Test:
import strutils except isUpper
import unicode
echo "A B".isUpperAscii() # Returns false
echo "A B".isUpper() # From unicode, Returns false
echo "AB?!".isUpper() # From unicode, Returns false
echo "1, 2, 3 GO!".isUpper() # From unicode, Returns false
Just for precedent, Python, Emacs Lisp return a "true" for upper-case checking of "A B", "AB?!" and "1, 2, 3 GO!".
Just to add, the isUpper documentation says:
Returns true iff s contains all upper case unicode characters.
I believe that all non-alpha characters should be skipped from the check for "upper case unicode characters".
.. because with the current logic.. both of the below return false:
echo "A B".isUpper()
echo "a b".isLower()
.. which seems counterintuitive.
It feels like the isUpper, isLower are conflating their behavior with that of isAlpha.
Seems right to me, only alphabetic characters can be either uppoer or lower
all non-alpha characters should be skipped from the check for "upper case unicode characters".
Why?
echo "A B".isUpper()
echo "a b".isLower()
Your tests contains space, it's non alpha. And this the right logic.

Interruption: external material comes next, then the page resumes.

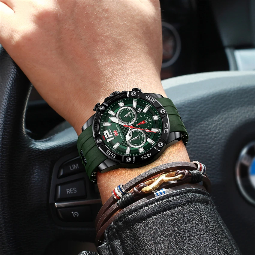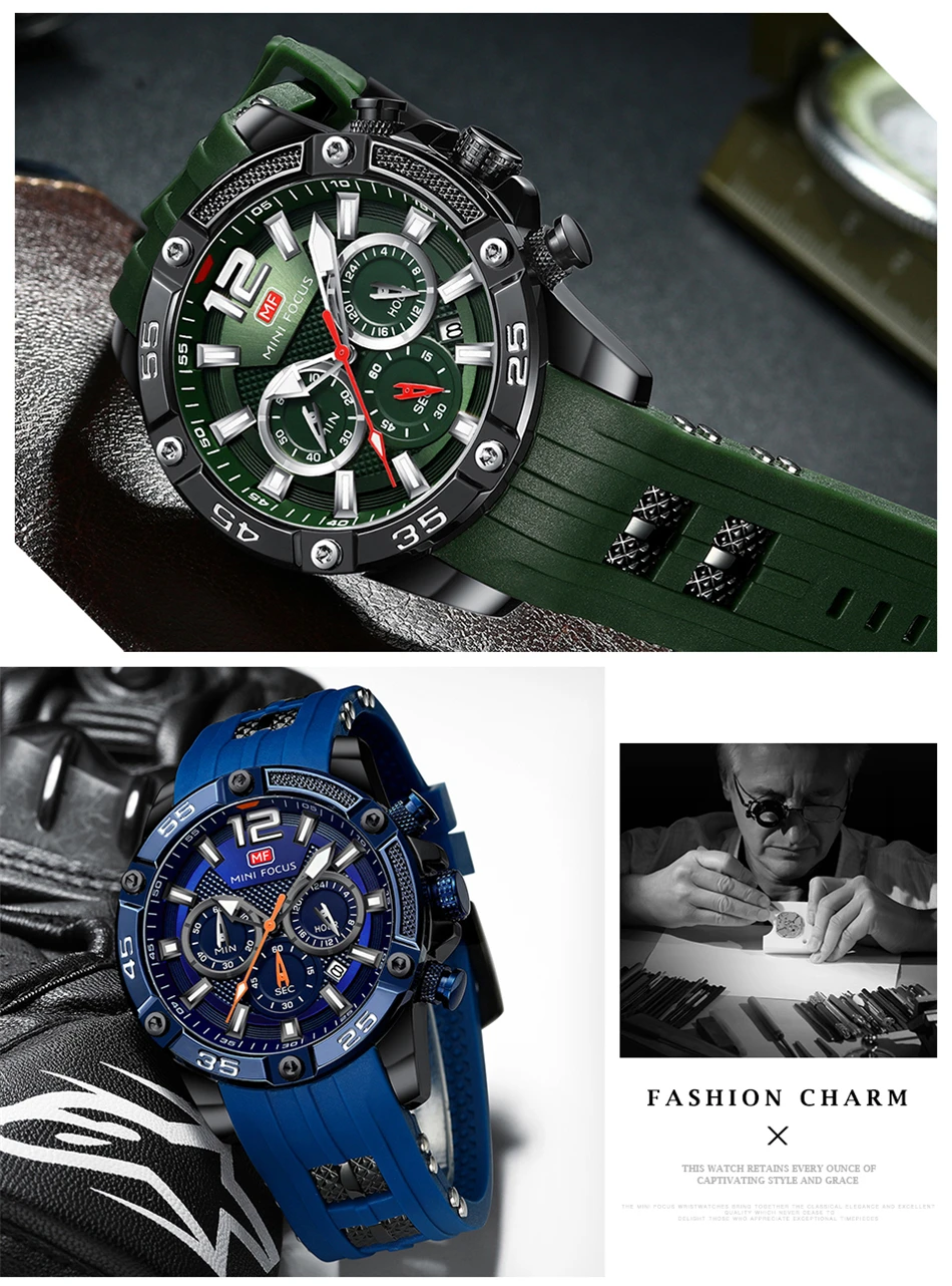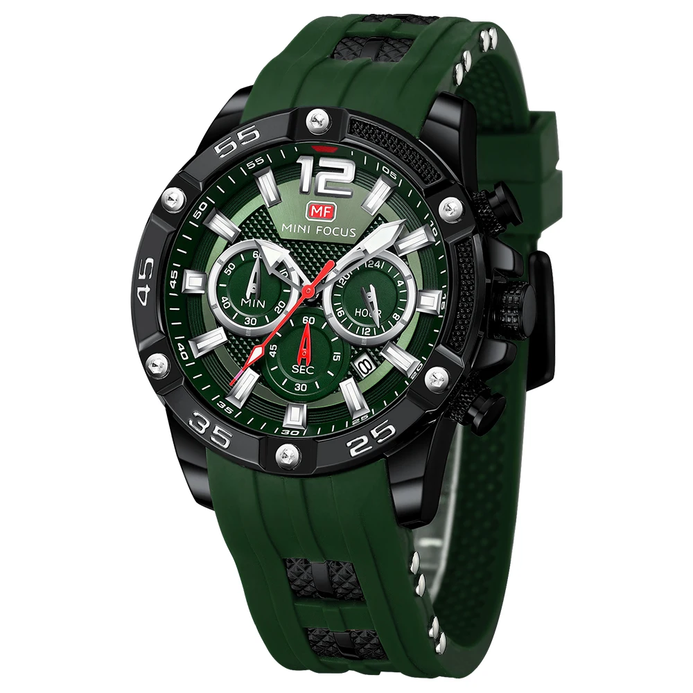 Часы наручные MINI FOCUS Мужские кварцевые, роскошные брендовые водонепроницаемые Модные с зеленым силиконовым ремешком

@data-man That's what I said.. the isUpper/isLower checks are conflating with isAlpha.
Bear with me.. here is the reasoning..
Then currently str.isUpperX is behaving like str.isAlpha and str.isUpperY. We need to remove the isAlpha check out of isUpper. All of this applies to isLower too.
When we are dealing with real world text, parsing docs, web pages, we rarely face all alphabetical characters strings. We normally deal with sentences that usually contain at least a space. In that case both isAlpha and isUpper will always be false which is not very useful.
If the implementation is changed to isUpperY, getting the current behavior is as simple as anding with isAlpha. But deriving isUpperY from isUpperX as I need to do today is very hacky.
Another way to think about this.. you would do an uppercase/lowercase check only on alphabets (or characters that can have upper and lower cases). You wouldn't do that check on spaces (and numbers, full stops, etc) as they don't have cases. So such characters should not affect the isUpper, isLower, etc.
Crude analogy follows..
It's like asking a 3-year old if he likes Guinness (beer), and if he says no, you don't order that for the whole table of 20 adults.
That space is being that 3-year old in that "A B".isUpper ().. it's giving vote for something it's not eligible for.
We normally deal with sentences that usually contain at least a space.
No. Passwords and usernames almost always can't contain spaces.
You can implement your MyRightIsUpper for your needs.
No. Passwords and usernames almost always can't contain spaces.
I agree and also almost is the key there. And consider how few cases of parsing such space-less, digit-less, punctuation-less are out there in the huge text parsing world. As I said, you can still get the current behavior by simply anding the proposed isUpperY with isAlpha.
In the upcoming unicode module (RFC #7902) will be possible this:
let myRunes = alphas + spaces + digits + '.' + ','
if check(myString, myRunes):
...
@data-man why did you close this issue? New unicode module wasn't implemented yet
Well since these have been designed with Python compat in mind, they should follow Python's behaviour (as weird as that is to me).
@Yardanico
Do you want to do double work? Well, go ahead!
@data-man what double-work? You would just make a PR with "fixes #7963", and as I can tell we didn't fully decide for the Unicode module RFC yet.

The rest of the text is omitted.